I definitely like this idea of making the cost function pluggable. If you're interested in pushing a PR, that'd be great. Otherwise, I can probably get around to adding this functionality eventually, although I'm not sure how soon.

[Andrey-Pavlov]

@mrgreywater Thank you! @StephenKappel But how to increase number of segments? I want to see red lines on the chart. min_stop_frac doesn't help https://puu.sh/AP63P/967d3d3243.png

[jrtechs]

I had similar issues. I initially only got 2 regression partitions, after applying @mrgreywater's changes I got 3 partitions. However, no matter the value of min_stop_frac I only get 3 partitions when there are 4 very distinct partitions.

@StephenKappel any suggestions? I would love to play around with this and make a PR.

[StephenKappel]

Hey @jrtechs -- I'd be happy to have a PR to make this better! Here's some ideas...

Currently, the algorithm only remembers the segments from what it thinks is the best state so far. It does this based on the increase in total error (i.e., the cost of the merge). It does not consider how many merges remain before it ends up with a single segment, nor does it consider granular information about the cost of merges in the past.

The algorithm is trying to catch the big jump in total error that normally accompanies the one-merge-too-far. Something like shown here...

I think the problem comes when that sudden increase in error starts with an error increase that isn't the single largest error increase.

For example, the algorithm will do the right thing with this series of merge costs:

1, 1, 1, 2, 3, 3, 3, 4, 5, 5, 5, 5, 100, 125, 100, 105

But it will go one merge too far for this series of merge costs:

1, 1, 1, 2, 3, 3, 3, 4, 5, 5, 5, 5, 50, 105, 100, 125

We could try:

• Tracking the cost of all merges to date, so we could use some more interesting statistics of the merge costs rather than just the max and cumulative sum of the past.
• Remembering more than one state so that we don't need to make the decision of whether or not to discard a previous potentially-interesting state until we see all the merge costs.

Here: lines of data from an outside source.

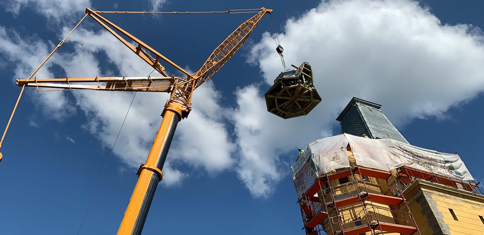Rövid látványos videóval és pár fényképpel nézhetitek meg a szabadkígyósi Wenckheim-kastély toronyépületének toronysisak beemelését az épület tetejére.
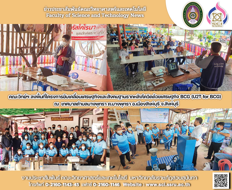 เมื่อวันที่ 13 ส.ค.2565 รศ.ดร.ชัยศรี ธาราสวัสดิ์พิพัฒน์ คณบดีคณะวิทยาศาสตร์และเทคโนโลยี พร้อมด้วยอาจารย์สาขาวิชาชีววิทยาสิ่งแวดล้อม ลงพื้นที่โครงการขับเคลื่อนเศรษฐกิจและสังคมฐานรากหลังโควิดด้วยเศรษฐกิจ BCG (U2T for BCG) ณ เทศบาลตำบลบางพุทรา ต.บางพุทรา อ.เมืองสิงห์บุรี จ.สิงห์บุรี
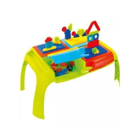 Egy összecsukható asztalka, ami a tüskés építmények alapja lehet!A tüskés építőjáték generációk óta ismert és közkedvelt a gyerekek körében. Az építőelemeken apró, tompa tüskék helyezkednek el nagyon sűrűn egymás mellett, így az egyes elemek egymásba kapaszkodva tudnak összekapcsolódni.A Bloko 52 darabos építőjáték szettjének élénk színű elemeiből a kicsik bármit felépíthetnek, méghozzá nem is akárhogy! Egy többféle színű panelekkel felszere
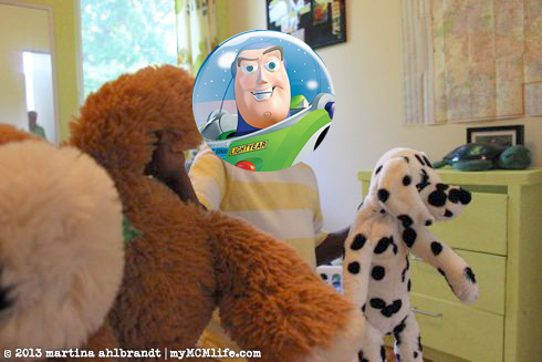 I guess it doesn’t have quite the same affect with the Buzz head on there. In the one below he’s looking straight at me with a sweet smile and I love the way Ali and Jason are looking at each other.
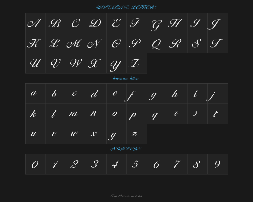 nicholas is a font file with a size of 0.05 MB. The full font name is Nicholas, 001.000 version. It contains 235 characters, supports 8 Chinese characters. The copyright belongs to Nicholas. nicholas font is available for free download, but commercial use requires confirmation on the Nicholas official website whether it's free for commercial use.
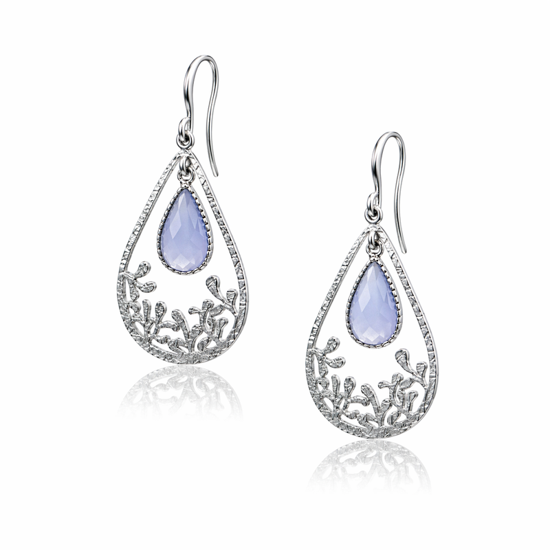 Delicate and radiant, the Celeste Earrings embody ethereal elegance. Plated in 925 Silver, these teardrop-shaped earrings frame a luminous, faceted violet hydro crystal that catches the light with every movement. The open teardrop is accentuated by ornate botanical motifs, intricately rendered to evoke a sense of nature’s quiet beauty. Suspended gracefully, the central gem adds a sparkling focal point, making these earrings a refined choice for both daytime elegance and evening allure.
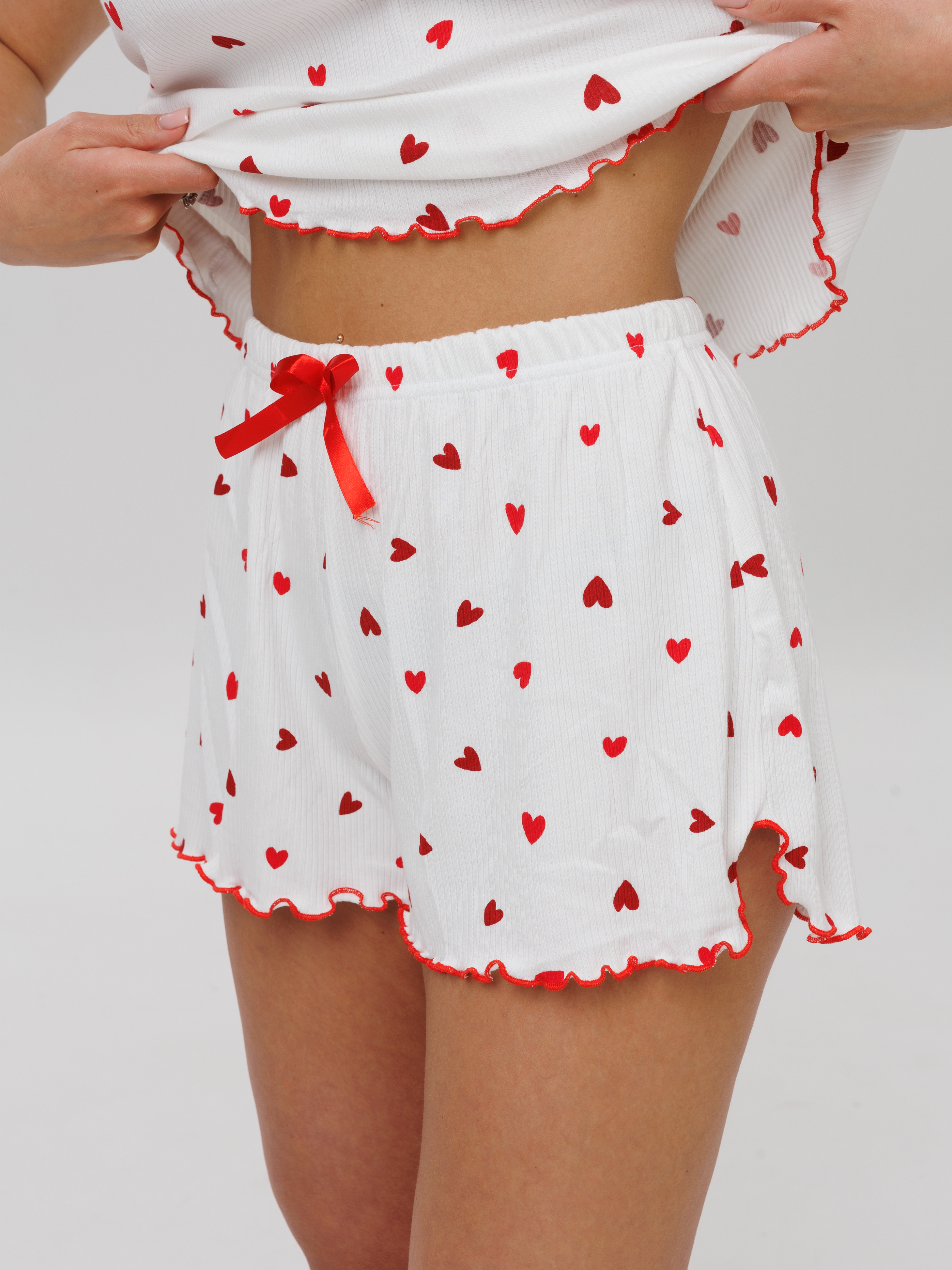 Женская пижама с шортами и топом из лапши — это комфортный домашний комплект, сочетающий мягкость, эластичность и стильный дизайн. Лапша — трикотажная ткань с рубчатой текстурой, которая обеспечивает свободу движений и приятную тактильность. Такие пижамы часто дополняют принтами или декоративными элементами, что делает их не только практичными, но и эстетичными.

The hope would be that, in retrospect, we'd be able to make smarter choices than we can on the fly.

A simpler solution for the specific example you provide could be providing a parameter to require more significant increases in cost for a merge to be considered the tipping point. On this line, cost_increase == biggest_cost_increase could become something like cost_increase >= 2.0*biggest_cost_increase, where 2.0 would be parameterized.

[jrtechs]

@StephenKappel I will definitely look into that. Just for clarification, what would be the difference between the min_stop_frac and this new error_increase_tolerance? Does the min_stop_frac define the increase in error allowed before we stop merging where the error_increase_tolerance would help us push more partitions/buckets to be merged?

[StephenKappel]

The main motivation for min_stop_frac is to prevent the algorithm from giving a suboptimal solution when the "best" solution is a single line segment. It prevents the algorithm from stopping merging too soon if no single merge has led to a large fraction of the total error.

A new parameter would help the algorithm stop sooner, but this wouldn't contradict min_stop_frac. That is, in order to stop merging, the min_stop_frac-based threshold would still have to be met. However, after that's met (it will always be met for every future iteration after it's first true), we need a new parameter to help prevent too much merging.